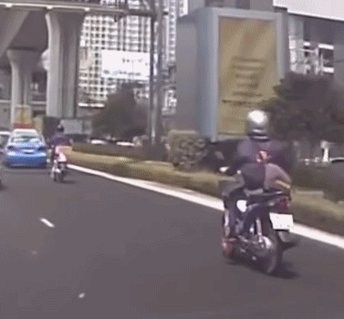 后车:幸好我跟她保持了安全距离,不然可能这一下就砸在我头上了
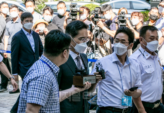 삼성물산·제일모직 합병 과정에서 인위적으로 제일모직 주가를 띄우고 삼성물산 주가를 낮추는 등 부당한 행위를 지시한 혐의를 받고 있는 이재용 삼성전자 부회장이 19일 서울 서초구 중앙지방법원에서 열린 1심 속행 공판에 출석하고 있다.
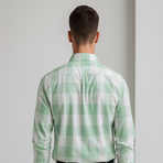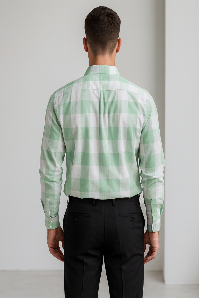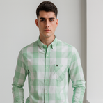 A fresh mint green and white checked shirt designed with a button-down collar and chest pocket. Light and breathable, making it perfect for spring and summer casual wear.

[YOUR INSTRUCTIONS]: Without the pictures, give every line above again exactly.

[RESULT OF THIS TASK]:
 后车:幸好我跟她保持了安全距离,不然可能这一下就砸在我头上了
 삼성물산·제일모직 합병 과정에서 인위적으로 제일모직 주가를 띄우고 삼성물산 주가를 낮추는 등 부당한 행위를 지시한 혐의를 받고 있는 이재용 삼성전자 부회장이 19일 서울 서초구 중앙지방법원에서 열린 1심 속행 공판에 출석하고 있다.
 A fresh mint green and white checked shirt designed with a button-down collar and chest pocket. Light and breathable, making it perfect for spring and summer casual wear.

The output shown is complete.